Gee, aren't the lyrics collected by sharp from John Short in print somewhere? I'm really having trouble understanding some of the words on the Jackie Oates recording. Sharp's Rnglish Folk-Chanteys has one verse of this song on Page 64, but no additional verses.

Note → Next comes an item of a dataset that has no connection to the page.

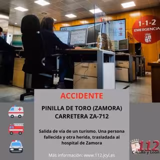 Una persona fallecida y otra herida es el balance de un accidente de circulación registrado a primeras horas de la mañana de esta jueves, 29 de junio, en la carretera ZA-712 a las afueras del término zamorano de Pinilla de Toro, según los datos que aporta el Servicio de Emergencias de Castilla y León 112 recogidos por Europa Press.

OK, here' my work in progress, subject to revision when I listen again. Please help.

TOMMY'S GONE AWAY

Tommy's gone, what will I do?
Tommy's gone away.
Tommy's gone, what will I do?
Tommy's gone away.

Tommy's gone to Liverpool,
Tommy's gone away.
To Liverpool [that noted school???]
Tommy's gone away.

Tommy's gone to Baltimore
Tommy's gone away.
To dance upon that [sandy?] floor
Tommy's gone away.

[instrumental break]

Tommy's gone to Mobile Bay,
Tommy's gone away.
To screw the cotton all the day.
Tommy's gone away.

Tommy's gone to Singapore,
Tommy's gone away.
Tommy's gone forevermore,
Tommy's gone away.

Tommy's gone to [boney's air???]
Tommy's gone away.
Where the girls have long black hair,
Tommy's gone away.

Tommy's gone forevermore,
Tommy's gone away.
Tommy's gone forevermore,
Tommy's gone away.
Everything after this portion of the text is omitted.